# WHAT YOU SHOULD DO
This task asks for the lines from the one with "В центральной части" to the final line below, repeated exactly, with pictures omitted.

# PROVIDED DATA
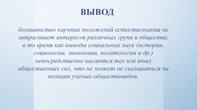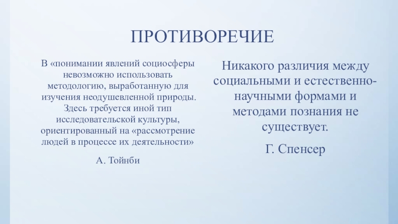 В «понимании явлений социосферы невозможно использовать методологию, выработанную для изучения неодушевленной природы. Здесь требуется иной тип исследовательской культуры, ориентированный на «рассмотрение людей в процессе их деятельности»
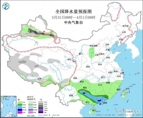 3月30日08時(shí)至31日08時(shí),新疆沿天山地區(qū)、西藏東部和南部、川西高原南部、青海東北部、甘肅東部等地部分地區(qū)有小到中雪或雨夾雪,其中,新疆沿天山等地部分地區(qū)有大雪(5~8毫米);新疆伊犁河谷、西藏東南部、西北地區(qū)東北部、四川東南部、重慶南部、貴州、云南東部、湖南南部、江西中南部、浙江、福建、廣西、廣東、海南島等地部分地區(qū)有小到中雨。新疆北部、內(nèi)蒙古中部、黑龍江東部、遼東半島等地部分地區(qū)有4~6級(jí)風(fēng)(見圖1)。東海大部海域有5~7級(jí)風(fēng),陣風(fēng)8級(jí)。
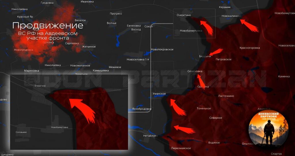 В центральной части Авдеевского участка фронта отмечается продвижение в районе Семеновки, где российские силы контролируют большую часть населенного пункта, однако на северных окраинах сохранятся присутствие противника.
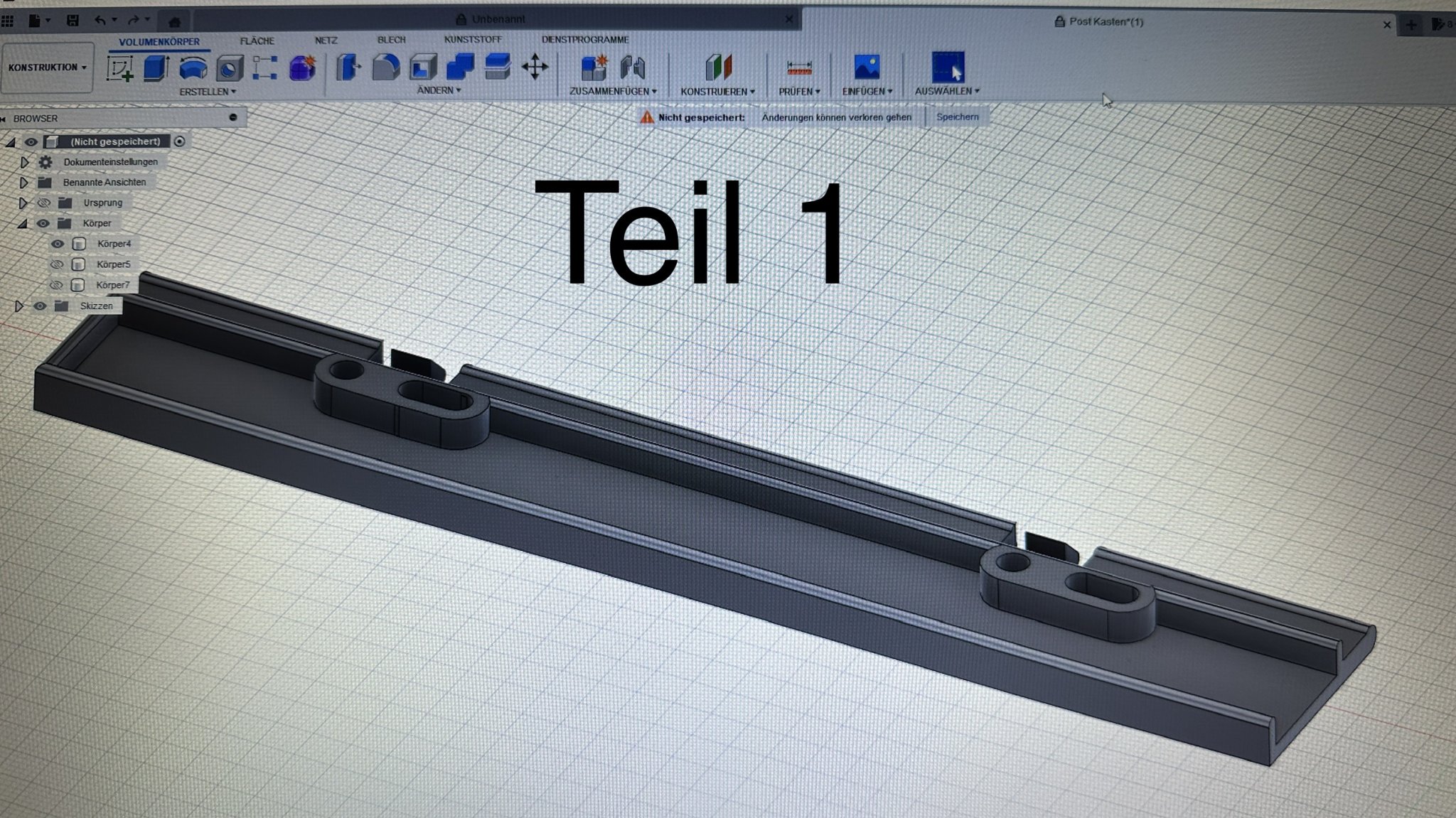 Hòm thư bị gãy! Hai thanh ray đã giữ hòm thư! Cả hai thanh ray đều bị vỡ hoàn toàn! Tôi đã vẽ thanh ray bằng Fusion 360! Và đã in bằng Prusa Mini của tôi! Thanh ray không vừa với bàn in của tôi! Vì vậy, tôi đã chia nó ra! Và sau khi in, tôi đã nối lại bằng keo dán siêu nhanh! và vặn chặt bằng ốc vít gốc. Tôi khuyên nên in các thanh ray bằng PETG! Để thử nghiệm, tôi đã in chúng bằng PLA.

# SOLUTION
 В центральной части Авдеевского участка фронта отмечается продвижение в районе Семеновки, где российские силы контролируют большую часть населенного пункта, однако на северных окраинах сохранятся присутствие противника.
 Hòm thư bị gãy! Hai thanh ray đã giữ hòm thư! Cả hai thanh ray đều bị vỡ hoàn toàn! Tôi đã vẽ thanh ray bằng Fusion 360! Và đã in bằng Prusa Mini của tôi! Thanh ray không vừa với bàn in của tôi! Vì vậy, tôi đã chia nó ra! Và sau khi in, tôi đã nối lại bằng keo dán siêu nhanh! và vặn chặt bằng ốc vít gốc. Tôi khuyên nên in các thanh ray bằng PETG! Để thử nghiệm, tôi đã in chúng bằng PLA.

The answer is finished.